I will not rest until I find my mother’s fate and return her home, if I can.
I cannot watch my father walk as a man alone any longer, he weeps at night for the life stolen from him, he believes I do not see. But he is my father, I hear him at night, I see his eyes. The strain shows on his face.
This is not tolerable on a personal level.
My friends all have parents, brothers and sisters all still missing and we will return to collect them.
The Blackfish and the other ships can carry twice more than the crew who man them. Plus my plan will be to take ships on our return home.
Empires will tremble at the thought of our rescue. No navy will prevail against us. We have new bronze cannon built by the one my father called Francois Buile. He showed us that the ranges of the nine-pounders are near double of our last guns.
Granuaile has turned carriages of the guns into inventions of her own design. Adult men have learned to keep their distance from her.
My only pleasure around her, she has stopped socking me in the shoulder. My bruise is almost healed, but any man who hits me there now, will have a surprise. Unless he has hands of stone, I would not notice it.”
The ginger-haired youth rubbed his shoulder and laughed at his own humor. Looking out over the water, the old melancholy chased away the smile.
Putting the quill into the bottle, he stood up and walked to the expensive glass window. An artisan, commissioned by the blacksmiths, made three cut-glass letters to remind a woman’s child of her name.
“Fey” in small colored cut-glass gems sparkled in the sun, it burned in his soul to see it.
Tracing his fingers over the inlay, the old anger rose again. He would get her back. They meant it as a gift to calm a soul, instead, it was a fan that increased the rage in his heart.
Sitting again, he picked the quill out of the bottle and tapped the drop off against the mouth of the blown-glass bottle of ink and put it to the expensive vellum in his personal journal.
Turning the page, he wrote at the top of the page:
“Captain’s Personal log of Keegan O’Danu
I miss her, I can remember my mam’s eyes and her laugh. I was only nine-summers old when we were taken. I will find her and bring her back, if only for my athair. A son should never see a father broken. Slavery should never be a market and I will free anyone that is in service against their will that I find, so long as I draw a breath. Slave ships will be my prey, anyone who flies the flag of empire will strike colors on my approach.
The Pirate Kingdom of the Sea will hold sway. Free people will embrace the name.
Everywhere they use the label pirate as a pejorative, I will embrace it as freedom.
Until my Mam is home, I will walk the decks and sail the seas until I am too old to chew my food.
Many years ago, to me.
My máthair was taken.
The English declared war on our village.
Today, I return to get her back.
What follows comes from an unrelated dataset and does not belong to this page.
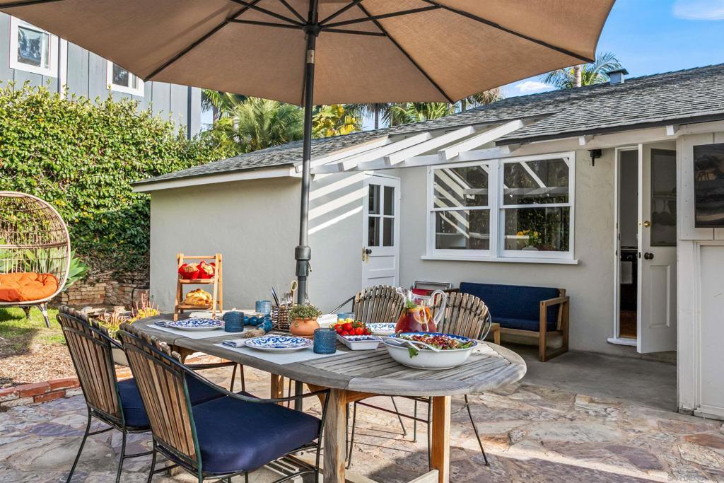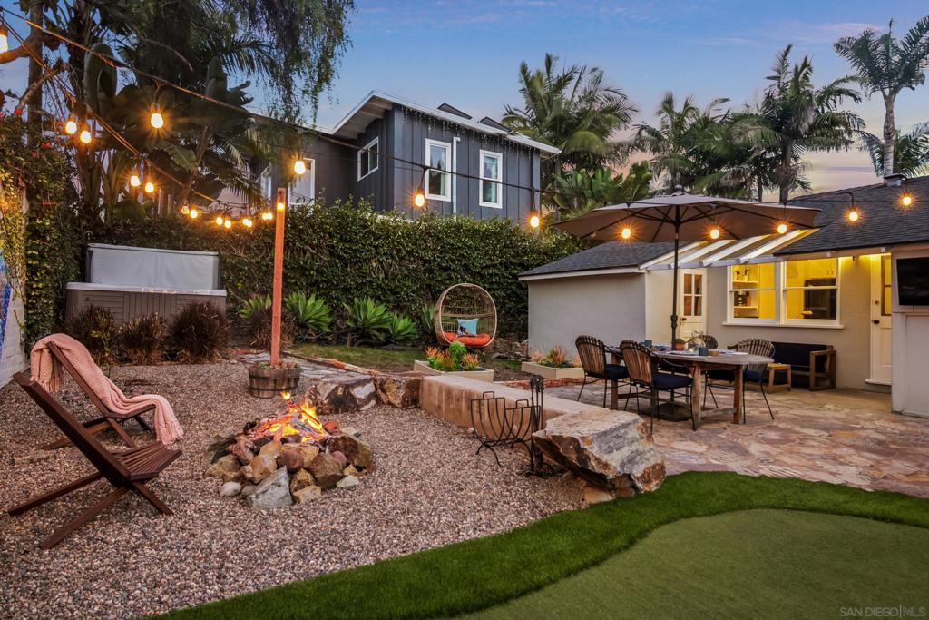 Welcome to this 2BR/1BA coastal retreat in a vibrant beachside neighborhood, perfect for relaxation and exploration. Enter through the front door, up four steps, into a cozy living room with a record player, plush couch, and flat-screen TV. The kitchen is fully equipped with a gas oven, air fryer, crockpot, and a dining table for four, with a large window overlooking the beautiful backyard. Note: no dishwasher. Down the hall are two serene bedrooms: one with a king bed and the other with a queen bed, both with ample closet space, ceiling fans, flat-screen TVs, and soft natural lighting. The full bathroom offers standard amenities. Step outside to a private backyard oasis with a hot tub, outdoor seating, propane BBQ, putting green, hammock, outdoor TV, and a wood-burning fire pit (wood not provided). An outdoor shower is perfect for rinsing off after a beach day. Located just blocks from the ocean, the home stays cool with coastal breezes. Free parking is available, and there’s a washer/dryer in the outdoor patio closet. Sleeping Accommodations (Max 4): Bedroom 1 - King bed Bedroom 2 - Queen bed 1 full bathroom. STR- 11105L TOT-640540

The Spanish, English and any who strike with the might of an empire, just because they can, I will make tremble with fear to sail these waters with their flags flying.
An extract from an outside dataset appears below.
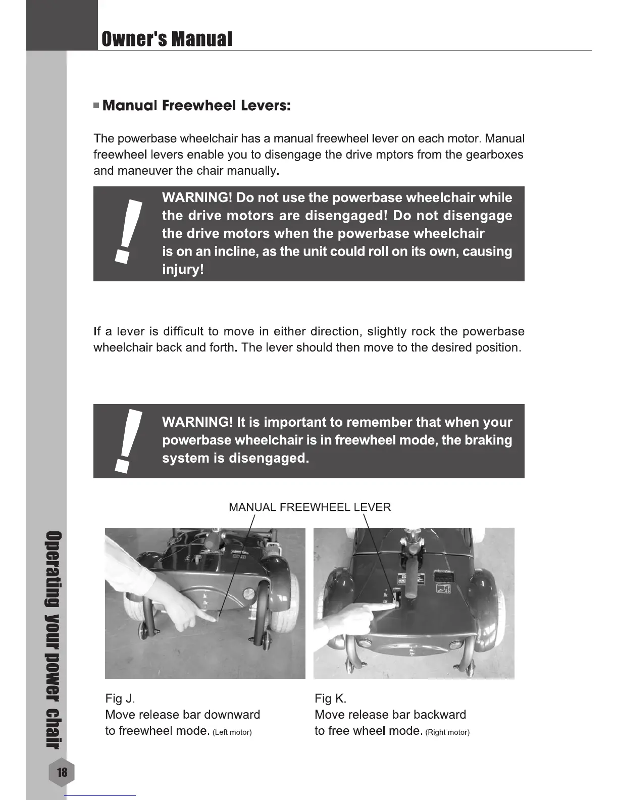 Rascal P321 - Operating Your Powerbase Wheelchair; Manual Freewheel Levers

My father and his crew accompany us in thinking they protect the children.
We are the seeds of crimes that the Spanish, English, Dutch have sown.
It us up to the children to protect the fathers.
I will continue to use my war-name given to me by the Quartermaster of the Marston Moor.”
A member since the first tour on Grampus she had no fear of anyone, Beth Angelcries stepped through the door.
“Keegan, your Da’ is pulling up along side and using the speaking-trumpet that Nial the smith made.”
Nodding, the captain of the Blackfish looked up into the hazel eyes of the girl who had shown such fury when they made their way home, causing Keegan to redefine the term in his mind.
Looking down, he finished his entry.
With the support of Anna Marie and Jacquotte we will stop at the harbor of Germantown and meet with those children who stayed behind and were adopted when we left their village last year for the Chesapeake.
The adults in that town invited us to return when we wished. It is something I do wish to do, there is a debt of help I owe to the families there.
Setting down his quill, the youngest captain in any fleet walked to talk with his personal hero.
Their next port of call: Germantown.